*** Source records ***
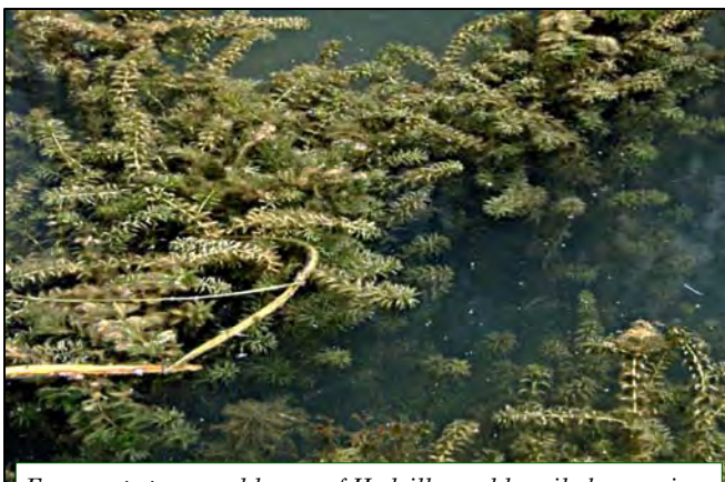
Emergent stems and leaves of Hydrilla could easily be seen in Cayuga Inlet at Cass Park, Ithaca, NY.
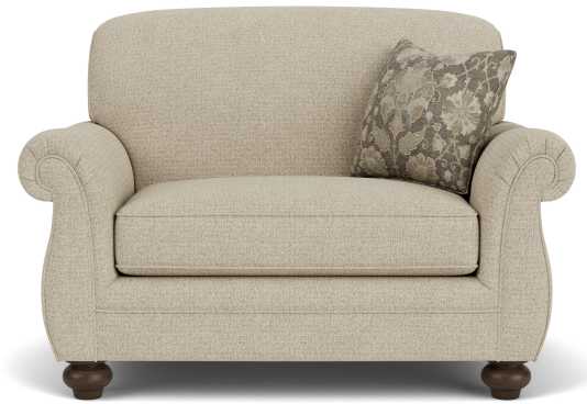
5997-101 in Fabric 061-72
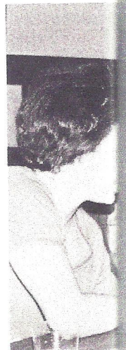
. . . But how
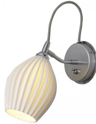
Shown in white / satin chrome

The Fin Wall Sconce is an eye catching piece with a Bone China shade that has been molded into a beautiful organic shape, creating dramatic light and shade when lit. Available in Natural White with a Satin Chrome finish and Grey cotton braid cord. On/Off switch is located on the backplate. Made in the UK. UL listed.
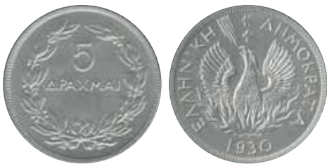
5040 30 €
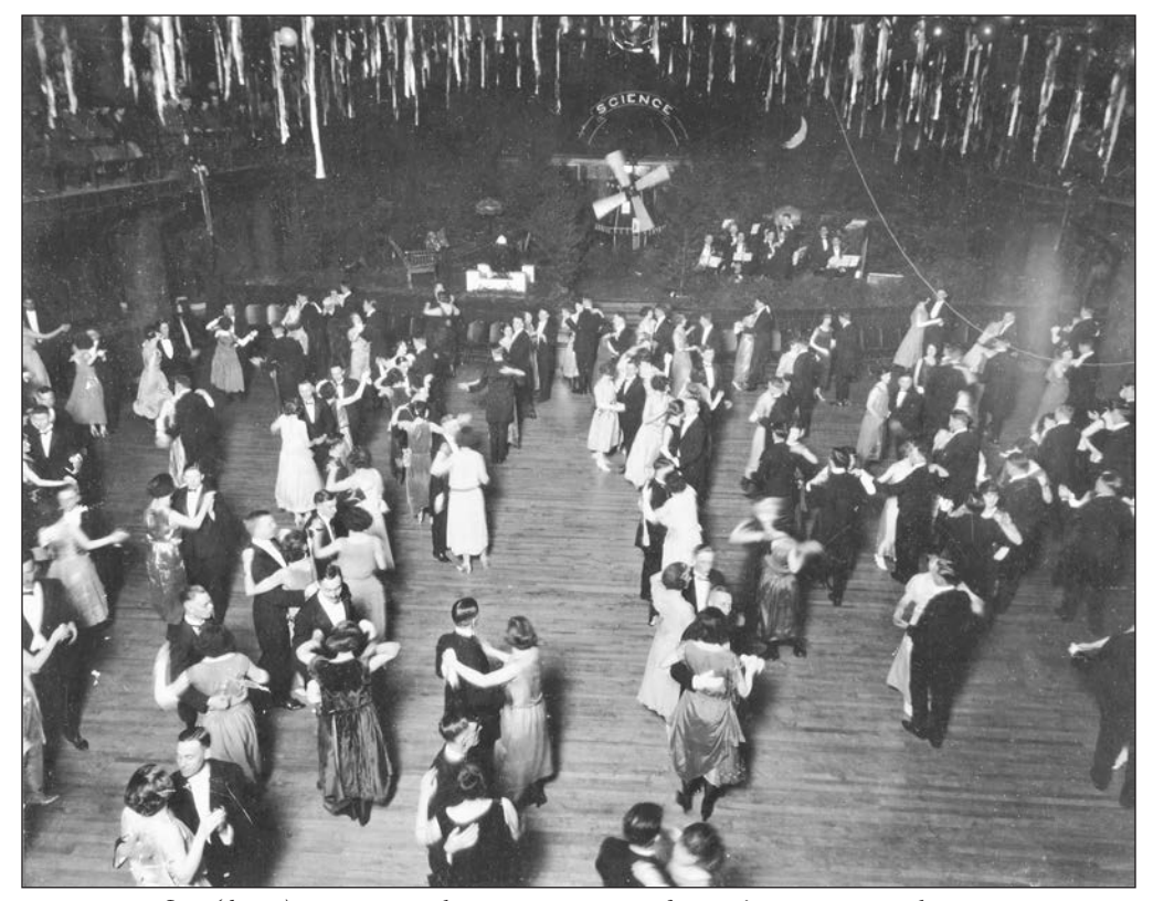
Science Overflow (dance) sometime in the 1920s.

ing to Jazz music was the most popular recreational activity among youth.<sup>30</sup> Jazz, born in New Orleans at the turn of the century, arrived in Canada on the vaude-ville circuit in the mid-to late 1910s and gained popularity through radio and dance halls.<sup>31</sup> The popularity of dancing among young people attracted much controversy due to the close contact between men and women. The dance hall was an opportunity for youthful experi-
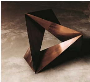
Amilcar de Castro Estrela , 1952 Copper 17 11/16 x 17 11/16 x 17 11/16 inches (45 x 45 x 45 cm) C25873
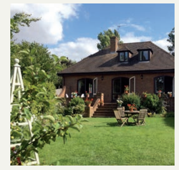
Meadowbank House B&B LIDDINGTON, SN4 0EY Meadowbankhouse.com (8.5 miles from Marlborough)
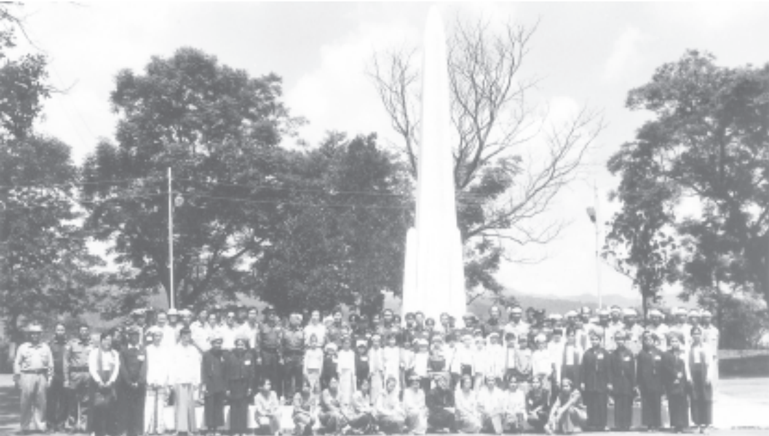
Prime Minister General Khin Nyunt and party pose for documentary photo with local people in front of Panglong Monument in Panglong on 25-5-2004.
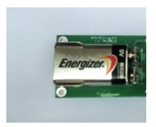
Figure 4-2 ULB-364 Battery Connections

Remove the old batteries and install the new batteries. Note the battery terminal orientation before making a connection. Ensure the battery terminals are fully seated.
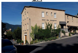
Hotel des Voyageurs - Montbrun-les-Bains https://urlz.fr/hF6C

* May be subject to modifications depending on availabilities.
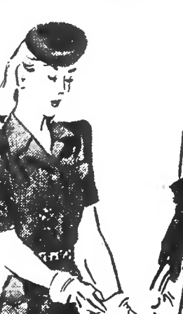
Figure-flattering, accessoryloving classics of kitten-soft wool-and-rayon jerseys and novelty weaves in lively tones. Etched with bright embroidery or felt appliques, softly tucked and shirred as fashion demands. 12-20.

Girls' Shoes $2.49 Saddle. Moccasin toe oxfords. Rut er-heeled slack shoes. Siles 31/2 to 10. Soft Glove Leather Step-Ins, Welt Constructed ...... $3.98
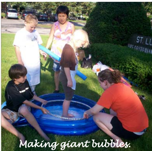
Making giant bubbles.
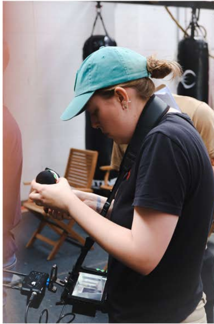
1ST ASSISTANT CAMERA
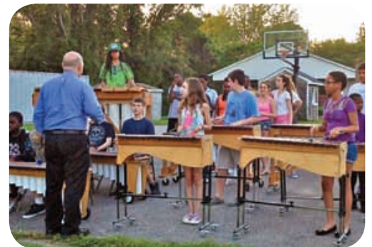
An early performance by the Marimba Band.

for many when she said, "This is an important event for me personally, as my family has survivors to be celebrated and loved ones to be honored. My team has three members on it who were diagnosed before the age of 50 with cancer, and who are currently cancer free." As
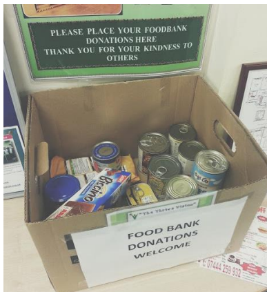
Figure 6. Foodbank collection at Thrive

The 'Big Society' rhetoric has pinpointed middle-class voluntarism as the utopian ideal at the heart of Coalition's project of localism. Certain homogenising ideas of community have been played up, which has been intensified under austerity. This is particularly problematic in the disadvantaged areas affected by state retrenchment (Featherstone et al., 2011) where charities such as foodbanks step in where the state has retreated. Dowling and Harvie (2014) have pinpointed two of the main aspects of the Big Society rhetoric as the retreat of the state in service provision, the expectation that volunteers will plug any gaps in services, alongside the devaluing of the role of social reproduction, 'placing the associated costs onto the unpaid realms of the home and the community' (2014: 870). It simultaneously allowed tasks associated with social reproduction to be 'harnessed for profit – thus providing a potential source of new capitalist accumulation, enabling an increasing 'financialisation of daily life' (Martin, 2002) and a deepening of capitalist disciplinary logic (Dowling and Harvie, 2014: 870).
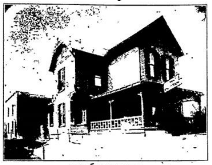
Ward's Sanitarium. 315
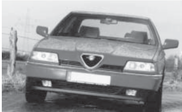
"Quiry" Alfa Romeo 164
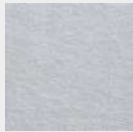
101 | Frost
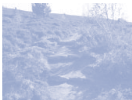
Scolty Path Repair.
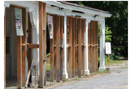
The Carriage House as it is today

Beginning in mid-December, the Carriage House Nature Museum will be closing...at least for the foreseeable future! All of its contents—mounted birds and animals, eggs and nests, shells and skulls, rocks and books, butterflies and general bric-a-brac will be removed and put into long-term storage. Why, you ask?
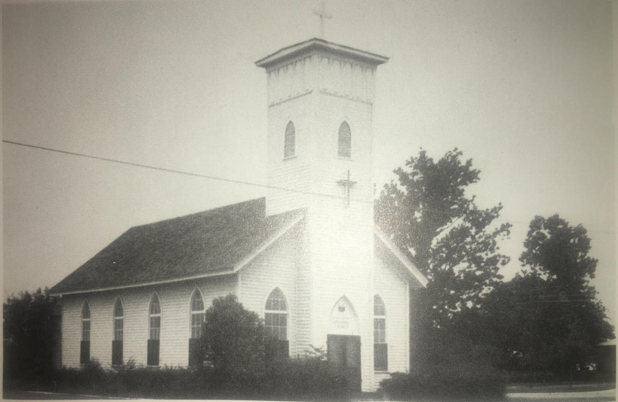
St. Bartholomews Episcopal Church, built in Hempstead, Texas 1870.
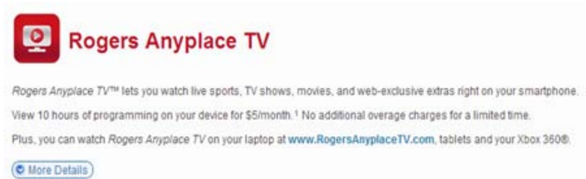
Figure 1 – Pricing details for Anyplace TV

Rogers offers to waive any overage fees incurred by customers for Anyplace TV viewing until April 1, 2014.
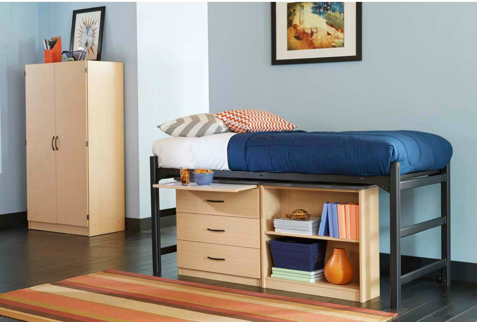
The Merit Collection is a fresh, innovative line of student bedroom furniture featuring our new, proprietary upscale laminate construction in three wood finishes and optional Graphite accent tops. Merit casegoods melamine laminate surface with PVC edge banding provides maximum durability and impact resistance.
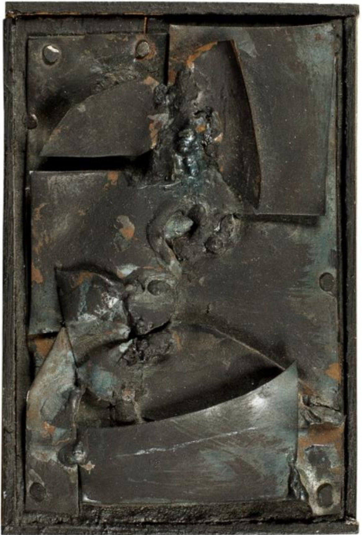
Alberto Burri, Ferro, 1959.
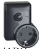
4141PC Connected plug&play socket - Directly co...
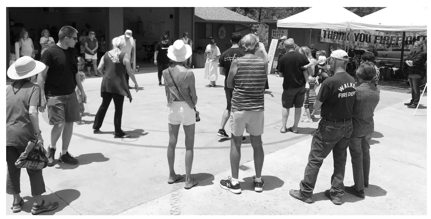
Walker Day Cake Walk

I enjoy seeing everyone coming together whether its at the monthly Board meetings (which everyone is welcome to attend) or enjoying pancakes on a nice Saturday
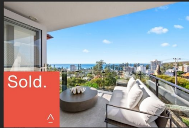
35 Kangaroo Street, Manly
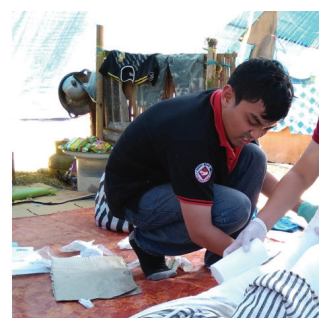
Figure 5. Applying Code D. Dressing the patient's wounds
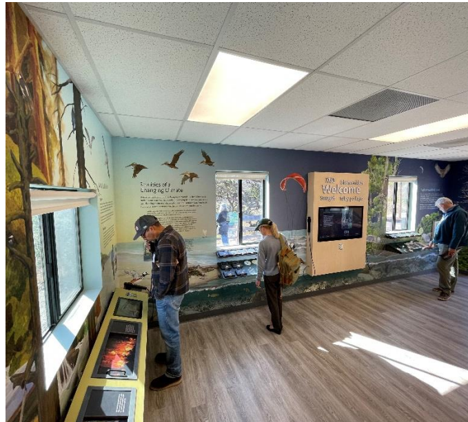
Top: California State Parks, Save the Redwoods League, and Waddell Creek Association invite the public to the new Rancho del Oso Welcome Center. Photo by Save the Redwoods League. Bottom left: The Rancho del Oso area at Big Basin Redwoods State Park. Bottom right: The Rancho del Oso Welcome Center features interactive and virtual interpretive exhibits, murals of the local coastal ecosystem and ocean views. Photo by Save the Redwoods League.
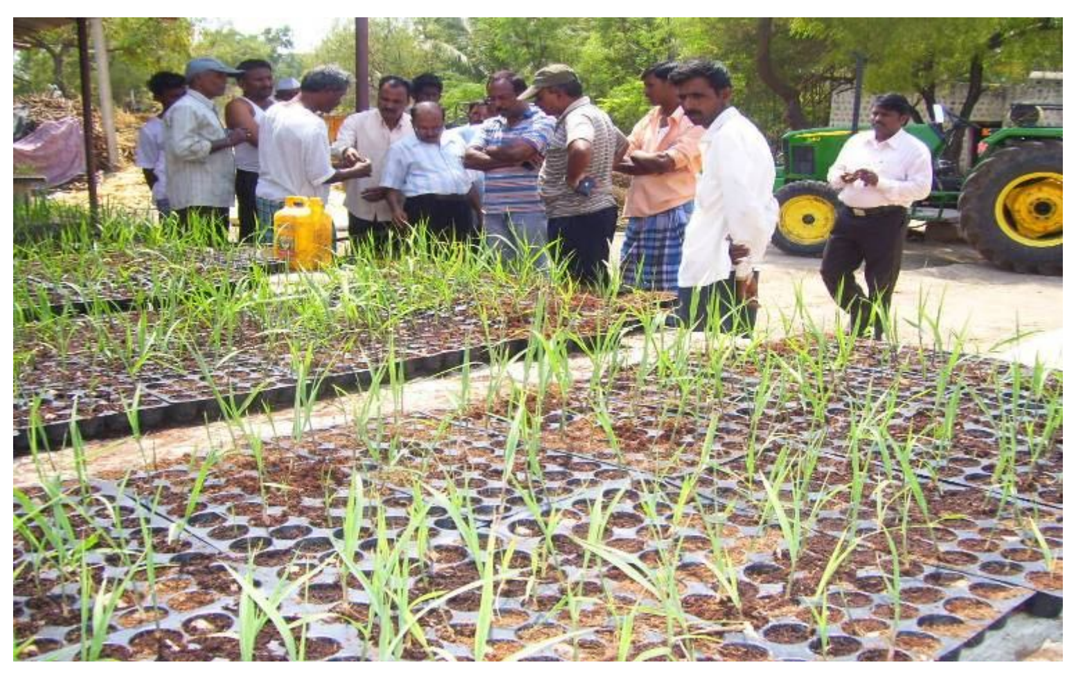
Open area Nursery Maintenance
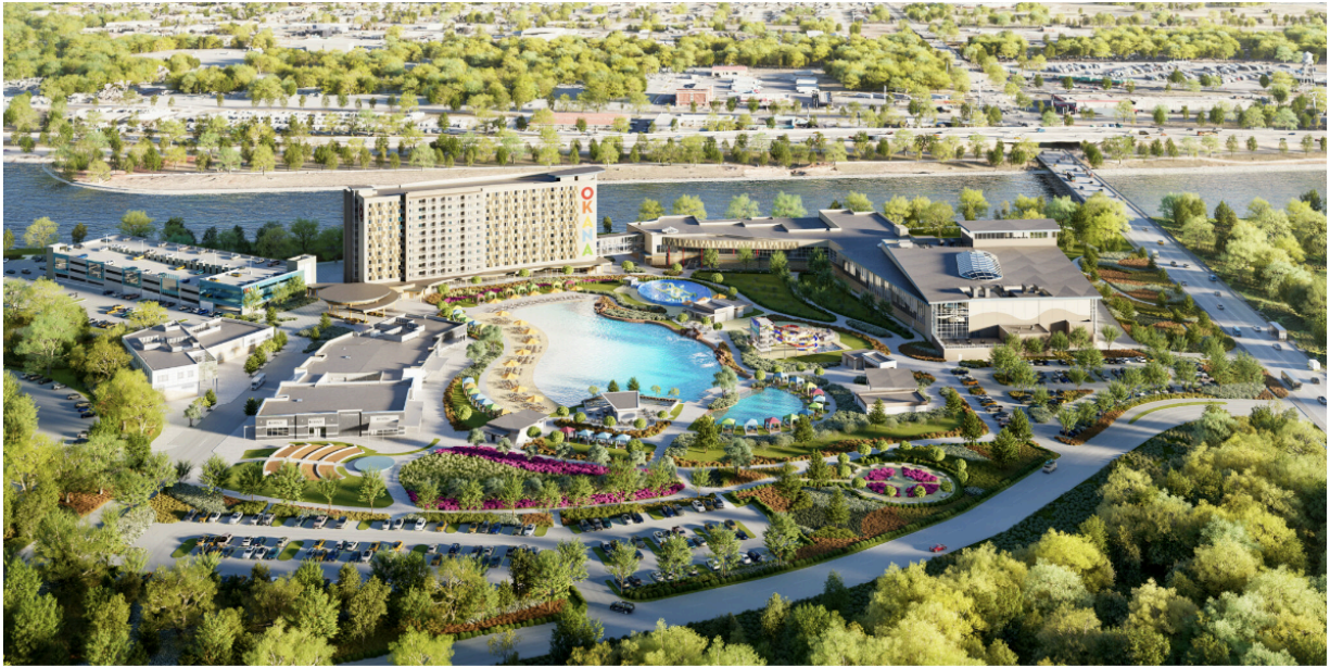
© OKANA Resort & Indoor Waterpark

Indoor and outdoor water attractions offer year-round fun, with the 100,000-square-foot indoor waterpark the largest in the region. Offerings include a wave pool, lazy river, luxury cabanas, adult-only pool, kiddie pool and 15 water slides. At the 4.5-acre outdoor adventure lagoon, find plunge pool body slide, an inflatable obstacle course, an adult-only swim-up bar and tanning pool, and the “fly” pool.
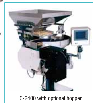
UC-2400 with optional hopper
*** End of Source records ***
_What you should do_. The lines from the top of the data above through the one holding "Meadowbank House B&B" are to be repeated exactly, and only those, with no pictures.

_Final answer_.
Emergent stems and leaves of Hydrilla could easily be seen in Cayuga Inlet at Cass Park, Ithaca, NY.
5997-101 in Fabric 061-72
. . . But how
Shown in white / satin chrome

The Fin Wall Sconce is an eye catching piece with a Bone China shade that has been molded into a beautiful organic shape, creating dramatic light and shade when lit. Available in Natural White with a Satin Chrome finish and Grey cotton braid cord. On/Off switch is located on the backplate. Made in the UK. UL listed.
5040 30 €
Science Overflow (dance) sometime in the 1920s.

ing to Jazz music was the most popular recreational activity among youth.<sup>30</sup> Jazz, born in New Orleans at the turn of the century, arrived in Canada on the vaude-ville circuit in the mid-to late 1910s and gained popularity through radio and dance halls.<sup>31</sup> The popularity of dancing among young people attracted much controversy due to the close contact between men and women. The dance hall was an opportunity for youthful experi-
Amilcar de Castro Estrela , 1952 Copper 17 11/16 x 17 11/16 x 17 11/16 inches (45 x 45 x 45 cm) C25873
Meadowbank House B&B LIDDINGTON, SN4 0EY Meadowbankhouse.com (8.5 miles from Marlborough)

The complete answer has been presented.